EXERCISE OBJECTIVE – The entries that follow need to be reproduced exactly, minus any images.

MATERIAL PROVIDED –
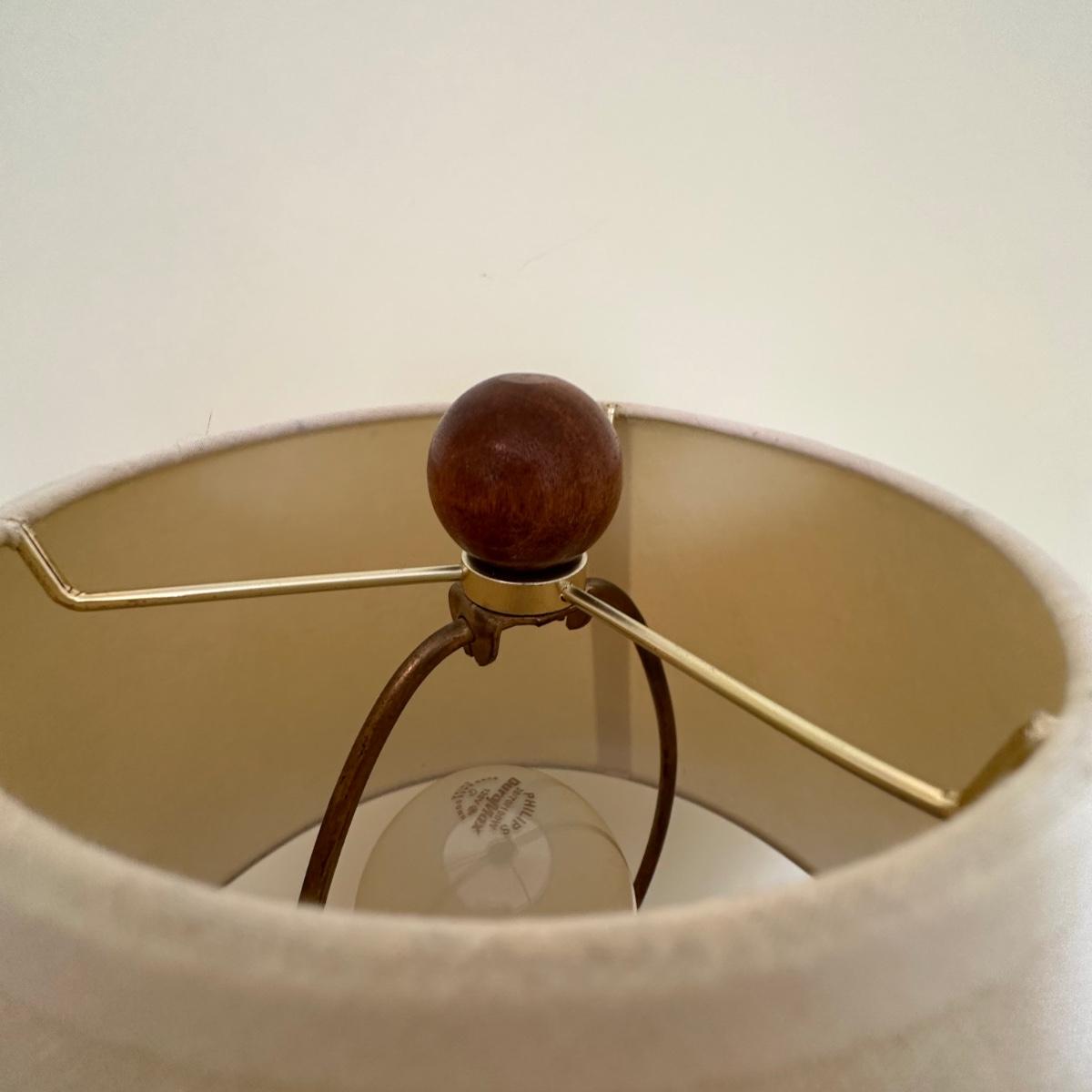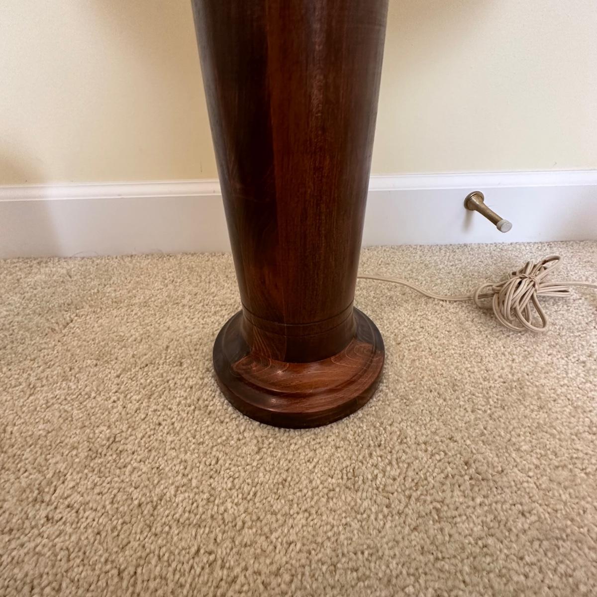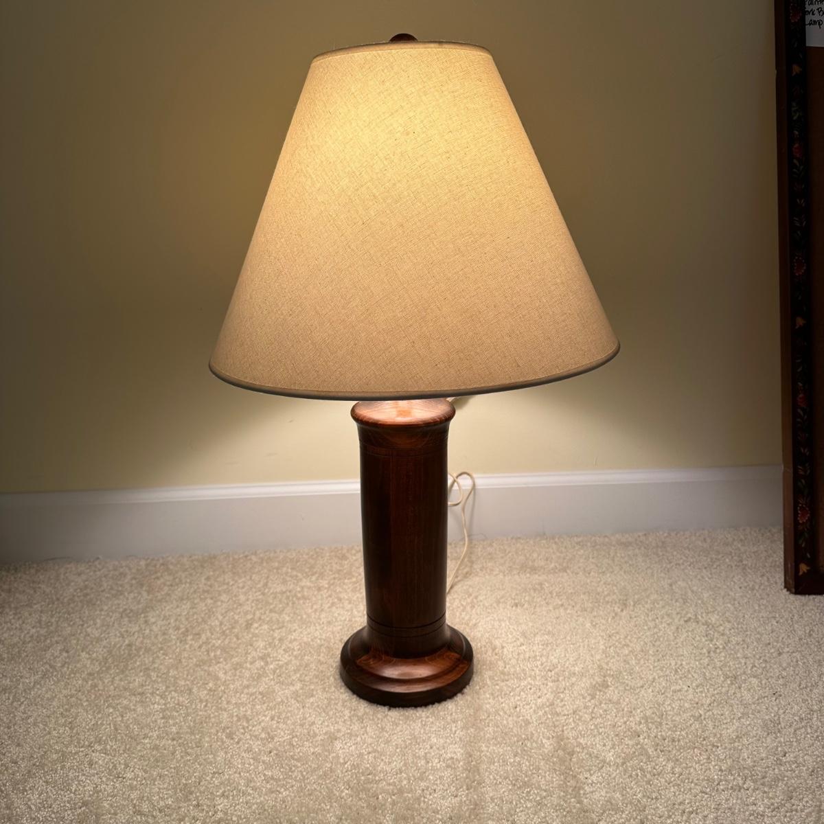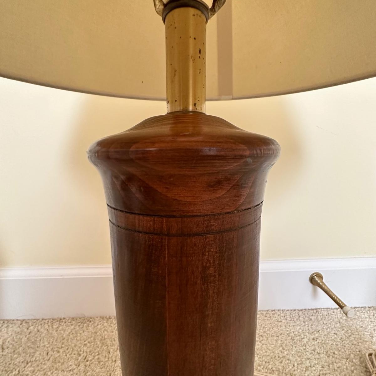 Floral painted wooden framed cork board measures 32” x 26.5”H. Wooden desk lamp measures 25”H from base to finial. Base measures 6”D. Lamp shade is 11”H. Three-way bulb works when powered on. Shipping available. Shipping can be costly. We suggest contacting our preferred local shipping provider, Postage Express, with dimensions and getting an estimate before bidding: (828) 670-5501 or postageexpress@yahoo.com.
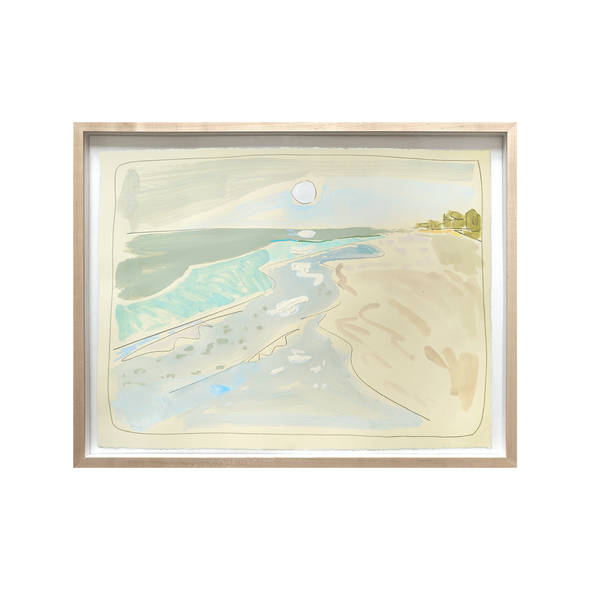Acrylic, pencil, and wax pastel on BFK Rives 280gsm paper with an optional Natural Wood Floated frame
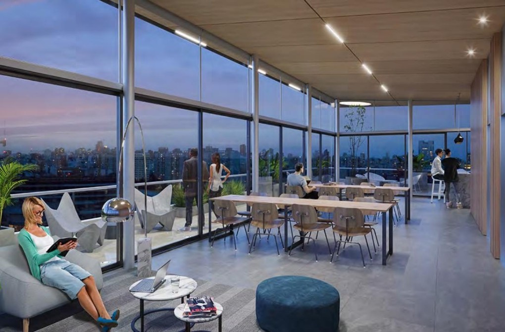 - Sector con livings al estilo coworking con equipamiento moderno y flexible, lugares de Lockers, mesas de reunión, etc.
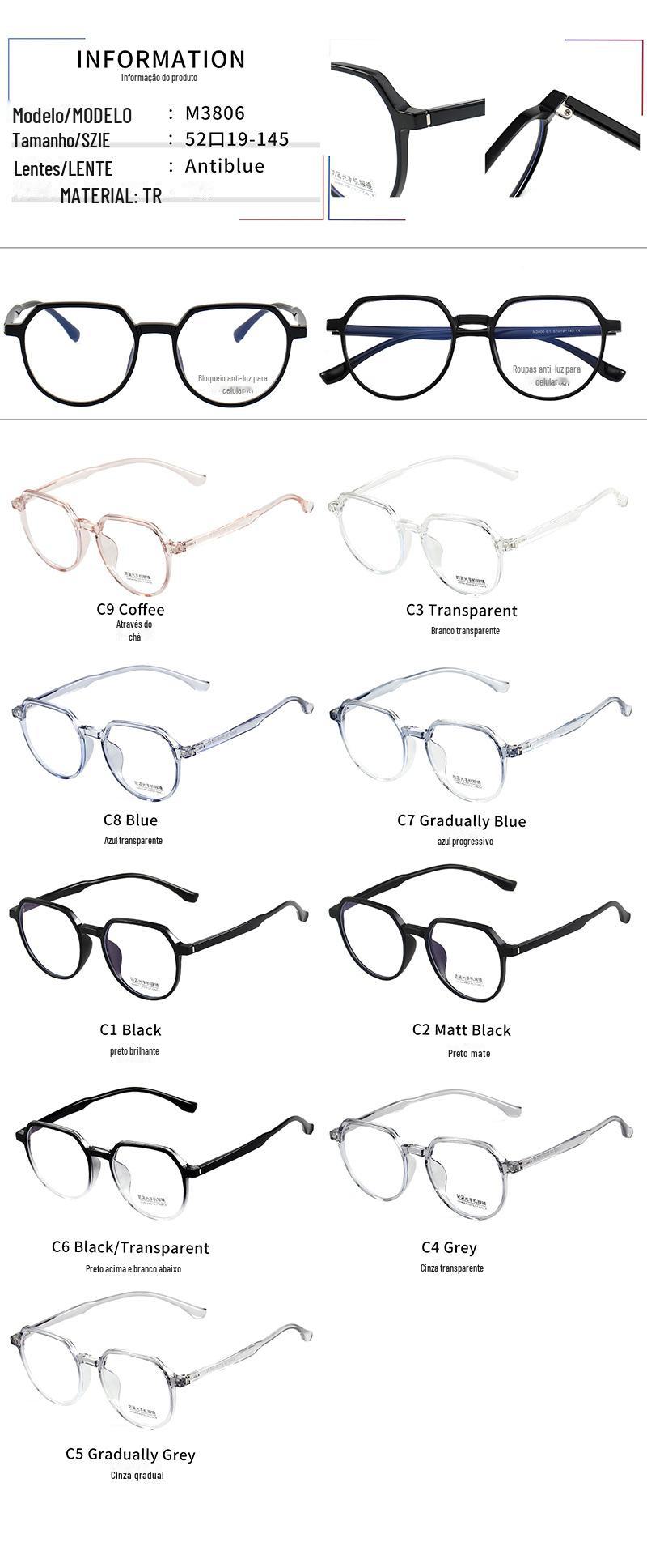 M3806 Literatura e Arte Pequeno Fresco Estilo Universitário Estudantes Masculinos e Femininos Casal Anti-Luz Azul Polígono Simples Street Beat Óculos
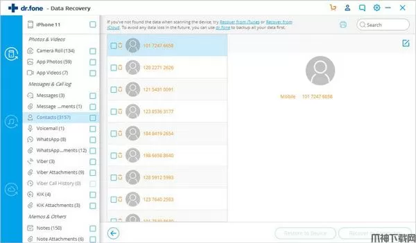 当您找到所需的数据时,只需在复选框前面打勾以选中它们。然后,单击窗口右下方的“恢复”按钮。默认情况下,恢复的数据将保存到您的计算机。至于文本消息,iMessage,联系人或便笺,当您单击“恢复”时,将弹出一个窗口,要求您“恢复到计算机”或“恢复到设备”。如果要将这些消息放回iOS设备,请单击“恢复到设备”。
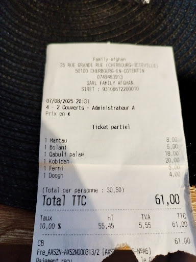 TrĂšs bonne surprise que ce restaurant trouvĂ© par hasard en se promenant dans les rues de Cherbourg. Le jeune serveur est d'une gentillesse et d'une politesse rare. Il prend le temps de nous dĂ©tailler les diffĂ©rents plats Ă la carte, en nous avertissant quand il s'agissait de plats piquants. Une fois les plats servis, ce fĂ»t un vĂ©ritable bonheur. Des plats savoureux, et servis en quantitĂ©. AprĂšs avoir fĂ©licitĂ© le serveur pour la qualitĂ© des plats, il nous a informĂ© que c'Ă©tait sa mĂšre qui cuisinait tout "maison", et ça se sent. Le restaurant porte bien son nom, on y mange comme si on Ă©tait accueilli dans sa famille. Un seul petit point qui pourrait ĂȘtre amĂ©liorĂ© : le pain servi Ă table Ă©tait du pain "français". J'aurais aimĂ© avoir du pain afghan pour que la dĂ©couverte gustative soit complĂšte. J'y retournerai avec grand plaisir la prochaine fois que je viendrai Ă Cherbourg. Ă noter que pendant que nous mangions, j'ai vu beaucoup de gens Ă l'extĂ©rieur du restaurant regarder la carte, hĂ©siter, puis finalement continuer leur route. Javais envie de sortir pour leur dire de revenir car ils Ă©taient en train de rater l'occasion de dĂ©couvrir un...
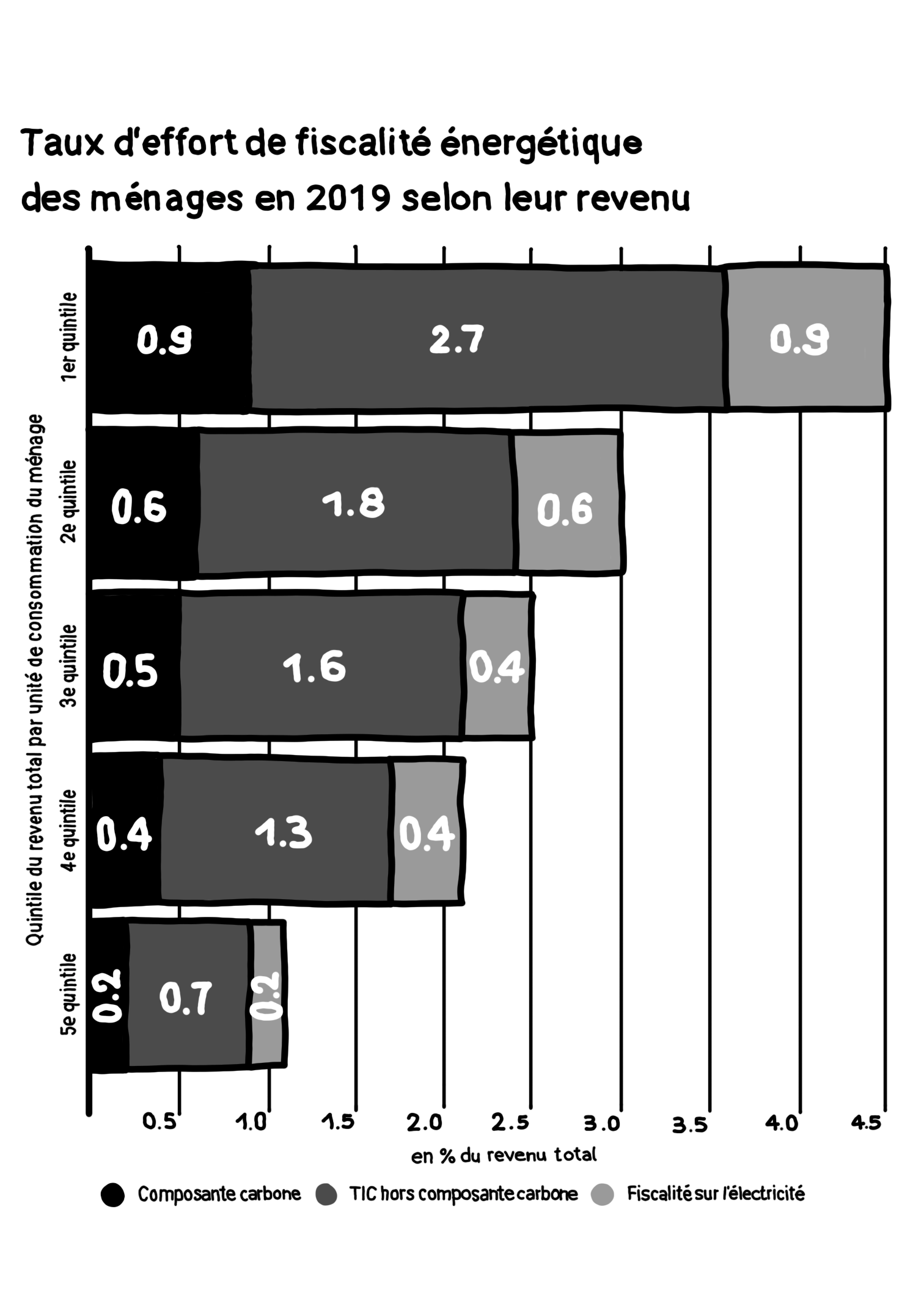 Ainsi, en 2019, les 20 % des ménages les plus modestes allouaient 4,5 % de leur revenu annuel à la fiscalité énergétique (TIGCN pour le gaz, TICFE pour l’électricité…) contre seulement 1,3 % en moyenne pour les 20 % des ménages les plus riches.

TASK RESPONSE –
 Floral painted wooden framed cork board measures 32” x 26.5”H. Wooden desk lamp measures 25”H from base to finial. Base measures 6”D. Lamp shade is 11”H. Three-way bulb works when powered on. Shipping available. Shipping can be costly. We suggest contacting our preferred local shipping provider, Postage Express, with dimensions and getting an estimate before bidding: (828) 670-5501 or postageexpress@yahoo.com.
Acrylic, pencil, and wax pastel on BFK Rives 280gsm paper with an optional Natural Wood Floated frame
 - Sector con livings al estilo coworking con equipamiento moderno y flexible, lugares de Lockers, mesas de reunión, etc.
 M3806 Literatura e Arte Pequeno Fresco Estilo Universitário Estudantes Masculinos e Femininos Casal Anti-Luz Azul Polígono Simples Street Beat Óculos
 当您找到所需的数据时,只需在复选框前面打勾以选中它们。然后,单击窗口右下方的“恢复”按钮。默认情况下,恢复的数据将保存到您的计算机。至于文本消息,iMessage,联系人或便笺,当您单击“恢复”时,将弹出一个窗口,要求您“恢复到计算机”或“恢复到设备”。如果要将这些消息放回iOS设备,请单击“恢复到设备”。
 TrĂšs bonne surprise que ce restaurant trouvĂ© par hasard en se promenant dans les rues de Cherbourg. Le jeune serveur est d'une gentillesse et d'une politesse rare. Il prend le temps de nous dĂ©tailler les diffĂ©rents plats Ă la carte, en nous avertissant quand il s'agissait de plats piquants. Une fois les plats servis, ce fĂ»t un vĂ©ritable bonheur. Des plats savoureux, et servis en quantitĂ©. AprĂšs avoir fĂ©licitĂ© le serveur pour la qualitĂ© des plats, il nous a informĂ© que c'Ă©tait sa mĂšre qui cuisinait tout "maison", et ça se sent. Le restaurant porte bien son nom, on y mange comme si on Ă©tait accueilli dans sa famille. Un seul petit point qui pourrait ĂȘtre amĂ©liorĂ© : le pain servi Ă table Ă©tait du pain "français". J'aurais aimĂ© avoir du pain afghan pour que la dĂ©couverte gustative soit complĂšte. J'y retournerai avec grand plaisir la prochaine fois que je viendrai Ă Cherbourg. Ă noter que pendant que nous mangions, j'ai vu beaucoup de gens Ă l'extĂ©rieur du restaurant regarder la carte, hĂ©siter, puis finalement continuer leur route. Javais envie de sortir pour leur dire de revenir car ils Ă©taient en train de rater l'occasion de dĂ©couvrir un...
 Ainsi, en 2019, les 20 % des ménages les plus modestes allouaient 4,5 % de leur revenu annuel à la fiscalité énergétique (TIGCN pour le gaz, TICFE pour l’électricité…) contre seulement 1,3 % en moyenne pour les 20 % des ménages les plus riches.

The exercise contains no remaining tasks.